Notwithstanding the above, one potential obstacle to recovering compensatory costs through an adjustment to contract price is the “sovereign acts” doctrine.  Under that doctrine, “the United States when sued as a contractor cannot be held liable for an obstruction to the performance of the particular contract resulting from its public and general acts as a sovereign.”  Conner Bros. Constr. Co. v. Geren, 550 F.3d 1368, 1371 (Fed. Cir. 2008) (emphasis added).  When the sovereign acts doctrine applies, the contractor is entitled only to schedule relief.  See Garco Constr. Inc. v. Secretary of the Army, 856 F.3d 938, 945 (Fed. Cir. 2017) (“Although actions taken by the United States in its sovereign capacity shield the government from liability for financial claims resulting from those acts, the contractor may be allowed additional time to perform.”).

Importantly, however, this doctrine — which is effectively an affirmative defense of the government to contractor claims — applies only when the government’s performance of its obligations under the contract are rendered impossible as a result of the sovereign act.  See Klamath Irr. Dist. v. United States, 635 F.3d 505, 521 (Fed. Cir. 2011) (doctrine applies only when “the sovereign act renders the government’s performance impossible”).  The government bears the burden of meeting this high standard.  See id. at 522.[1]

Be Prepared to Demonstrate Cost Impacts and Notify the Customer

To prepare for filing a request for adjustment, contractors should carefully document the costs of any increased work and the reasons why those costs were caused by the government’s directions or conduct.  Costs may include additional hours worked, new materials purchased, scrapped goods, or other categories of costs.
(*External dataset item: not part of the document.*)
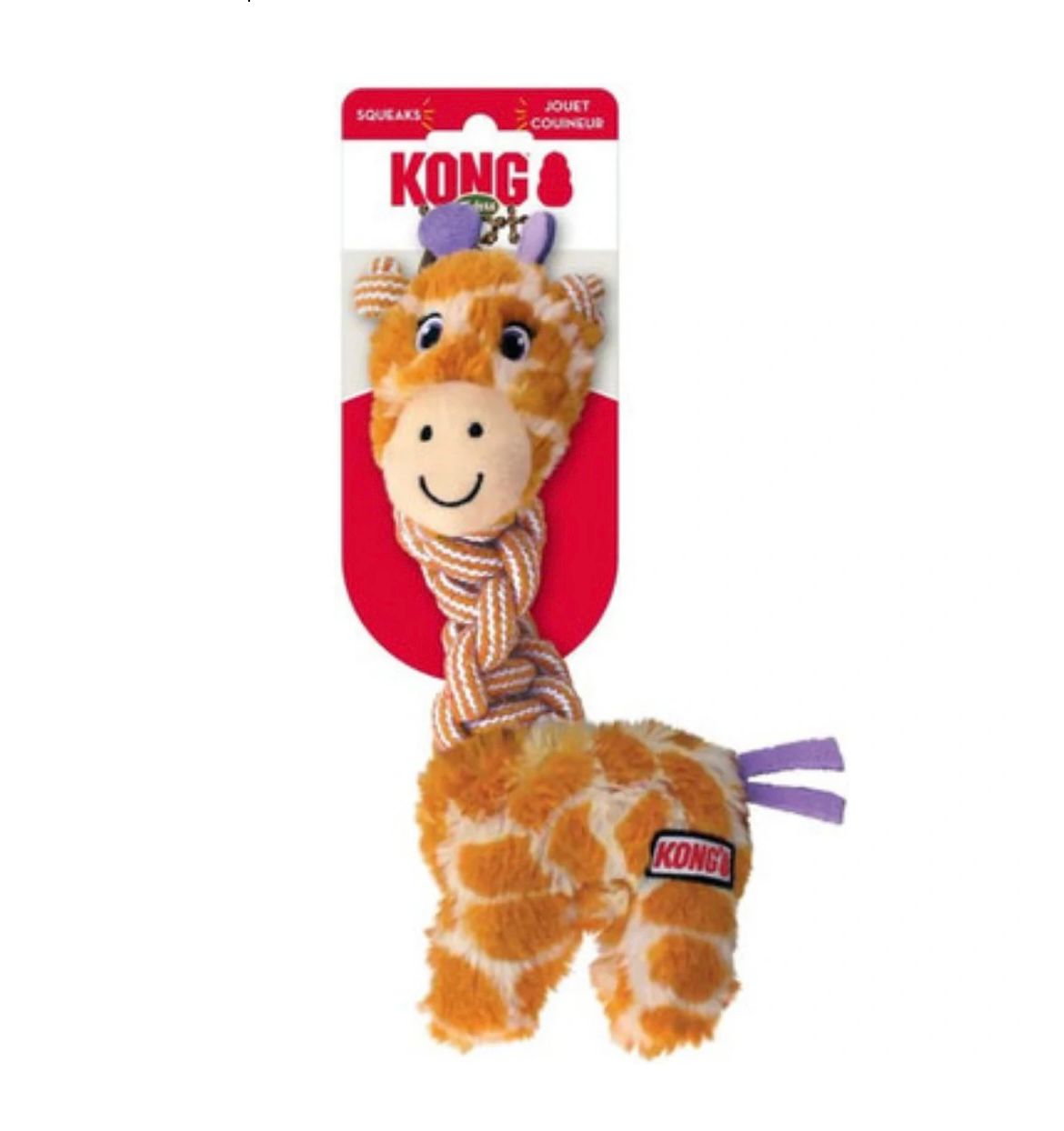 O longo pescoço trançado do KONG Knots Twists satisfaz os instintos de morder com uma trança irresistível de corda de algodão resistente que os cães adoram mastigar. O apito mantém a diversão e, ao mesmo tempo, o mínimo enchimento facilita a limpeza de um companheiro macio e durável que satisfaz os instintos. Além disso, mastigar a corda ajuda a limpar os dentes.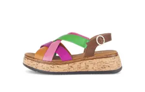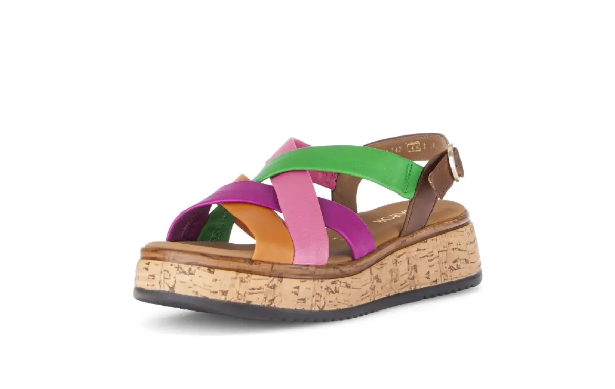 Deze kleurrijke sandaal van nappaleer voelt zacht en soepel aan waardoor je meteen geniet van een comfortabel en zomers draaggevoel. De levendige bandjes in roze, groen, oranje en bruin geven de sandaal een speelse en modieuze uitstraling die elke outfit laat opvallen. Dankzij het vaste voetbed ervaar je bij elke stap een fijne ondersteuning zodat je deze sandaal moeiteloos de hele dag draagt. De wijdte G biedt je voet extra ruimte waardoor de pasvorm ontspannen en aangenaam blijft, ook op warme dagen. De kurklookzool met lichte verhoging zorgt voor een natuurlijke en trendy look en biedt tegelijk een zachte demping die het loopcomfort verhoogt. Door de combinatie van opvallende kleuren, zachte materialen en een moderne plateauzool wordt dit een ideale sandaal voor wie graag een frisse en eigentijdse zomerse stijl combineert met het betrouwbare draagcomfort van Gabor.

Contractors should also pay close attention to any contractual notice requirements.  The FAR’s standard Changes clause generally requires contractors to provide notice within 30 days from the date of the government’s directed change, but terms may vary from contract to contract.  Contracts may even require two stages of notice — an initial notification of change within a brief period of time, followed by a request for adjustment within another period of time.

Of course, any claim for a schedule or price adjustment will depend significantly on a case’s particular facts and circumstances.  However, where contractors find their performance delayed or disrupted by restrictions related to COVID-19, they should understand the potential recovery options available and any notice requirements that must be met.

[1] Notably, in Conner, the Federal Circuit found that the plaintiff waived its arguments as to impossibility by failing to raise them before the ASBCA.  See Conner, 550 F.3d at 1379.